▶ _What is expected_: From the data that follows, set down exactly the lines from the one with "RICHIE Garden Parasol" through the one with "Fortnite Durr Burger, Μεταλλικό", counting both. Pictures stay out.

▶ _Data records_:

= Beginning of Section =

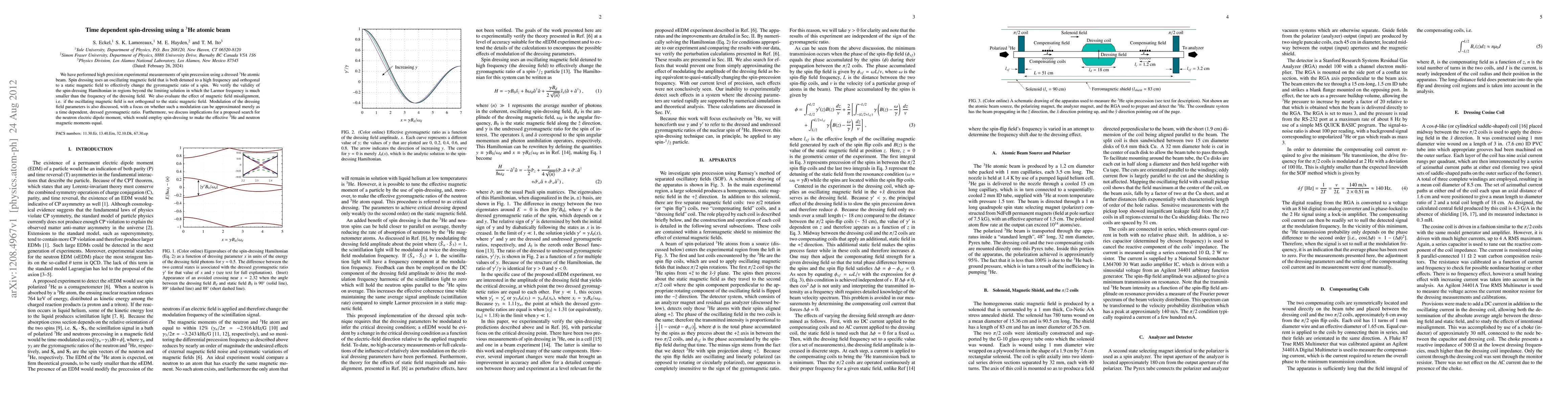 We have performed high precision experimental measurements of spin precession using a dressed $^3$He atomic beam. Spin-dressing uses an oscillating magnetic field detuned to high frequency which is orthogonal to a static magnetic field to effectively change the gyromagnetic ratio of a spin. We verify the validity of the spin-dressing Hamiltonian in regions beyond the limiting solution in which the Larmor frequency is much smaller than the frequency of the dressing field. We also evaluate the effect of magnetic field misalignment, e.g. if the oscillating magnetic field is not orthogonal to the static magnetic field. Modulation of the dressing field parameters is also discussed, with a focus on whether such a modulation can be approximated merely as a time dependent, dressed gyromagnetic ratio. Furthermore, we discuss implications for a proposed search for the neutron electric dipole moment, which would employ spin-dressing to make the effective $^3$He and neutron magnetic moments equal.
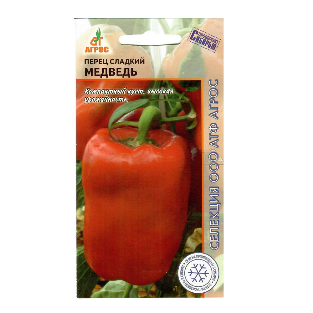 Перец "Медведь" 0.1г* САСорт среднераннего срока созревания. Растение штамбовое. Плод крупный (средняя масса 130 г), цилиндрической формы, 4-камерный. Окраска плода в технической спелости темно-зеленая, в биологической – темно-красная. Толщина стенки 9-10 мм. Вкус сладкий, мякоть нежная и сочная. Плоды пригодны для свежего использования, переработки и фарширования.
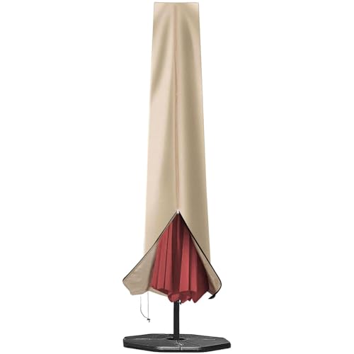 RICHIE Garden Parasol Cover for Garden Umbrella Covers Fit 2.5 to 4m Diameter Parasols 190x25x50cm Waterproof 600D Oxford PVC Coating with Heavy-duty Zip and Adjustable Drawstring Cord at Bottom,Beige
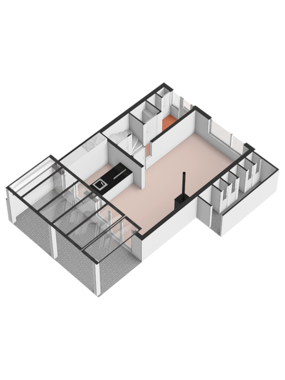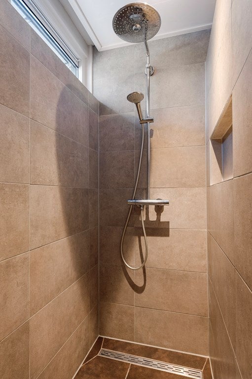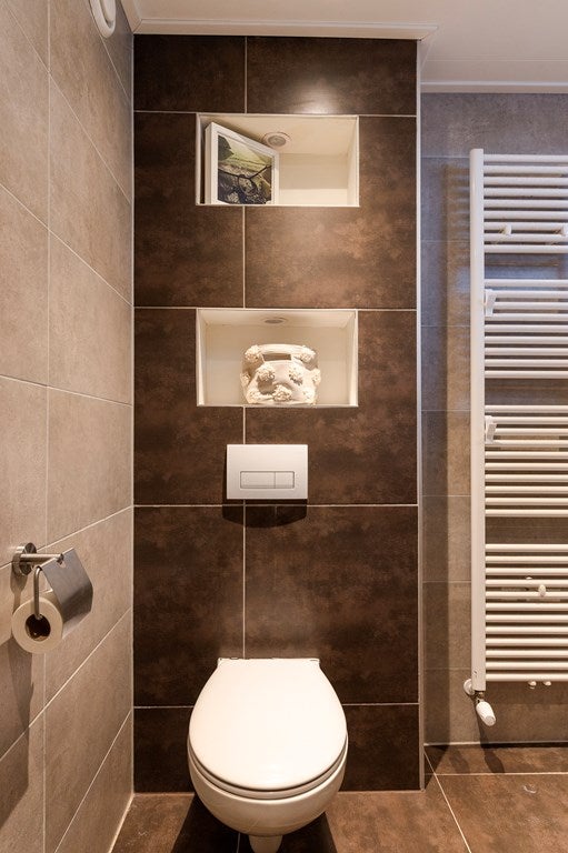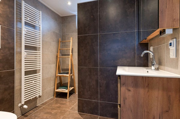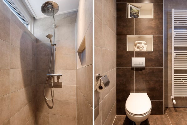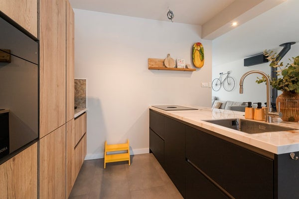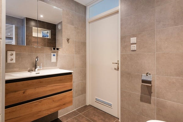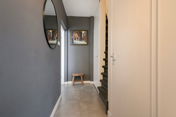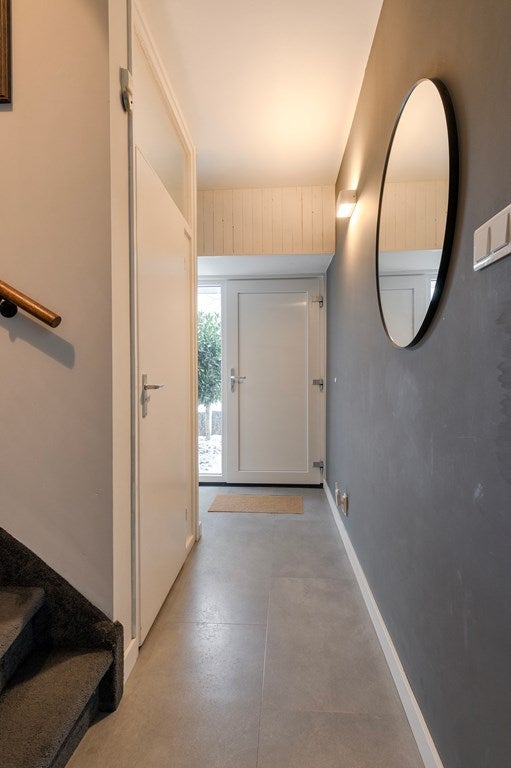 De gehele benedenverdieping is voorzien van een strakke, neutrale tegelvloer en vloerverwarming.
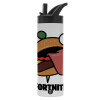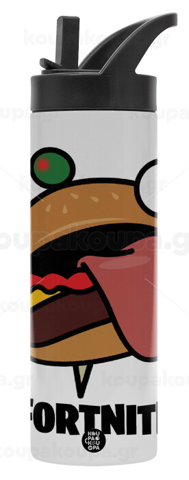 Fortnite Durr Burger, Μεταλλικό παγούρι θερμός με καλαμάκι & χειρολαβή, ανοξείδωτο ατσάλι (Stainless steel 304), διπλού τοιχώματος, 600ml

= End of Section =
= Beginning of Section =

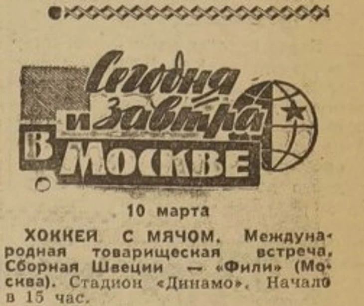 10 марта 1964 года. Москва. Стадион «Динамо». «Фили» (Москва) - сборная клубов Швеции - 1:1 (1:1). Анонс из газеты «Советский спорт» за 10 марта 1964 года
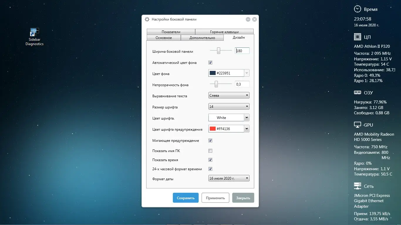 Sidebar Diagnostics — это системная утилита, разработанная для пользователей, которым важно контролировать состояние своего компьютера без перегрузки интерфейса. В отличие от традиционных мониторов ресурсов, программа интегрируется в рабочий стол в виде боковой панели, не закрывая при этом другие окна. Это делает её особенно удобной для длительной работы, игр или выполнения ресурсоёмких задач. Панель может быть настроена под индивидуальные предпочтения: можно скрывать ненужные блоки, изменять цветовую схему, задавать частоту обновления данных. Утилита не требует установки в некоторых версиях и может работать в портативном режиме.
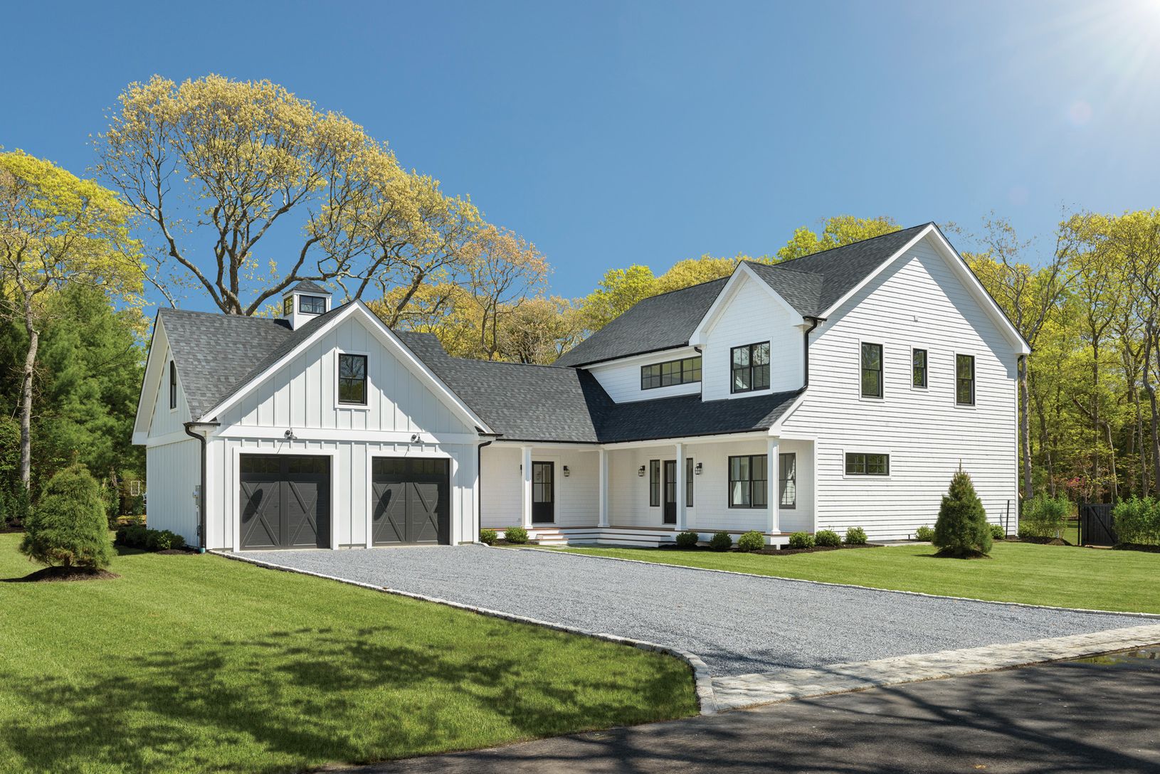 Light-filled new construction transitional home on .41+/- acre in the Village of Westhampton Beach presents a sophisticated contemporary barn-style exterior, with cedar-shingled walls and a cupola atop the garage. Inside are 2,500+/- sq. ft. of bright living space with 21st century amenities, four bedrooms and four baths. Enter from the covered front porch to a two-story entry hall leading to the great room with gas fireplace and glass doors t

= End of Section =

▶ _Task solution_:
 RICHIE Garden Parasol Cover for Garden Umbrella Covers Fit 2.5 to 4m Diameter Parasols 190x25x50cm Waterproof 600D Oxford PVC Coating with Heavy-duty Zip and Adjustable Drawstring Cord at Bottom,Beige
 De gehele benedenverdieping is voorzien van een strakke, neutrale tegelvloer en vloerverwarming.
 Fortnite Durr Burger, Μεταλλικό παγούρι θερμός με καλαμάκι & χειρολαβή, ανοξείδωτο ατσάλι (Stainless steel 304), διπλού τοιχώματος, 600ml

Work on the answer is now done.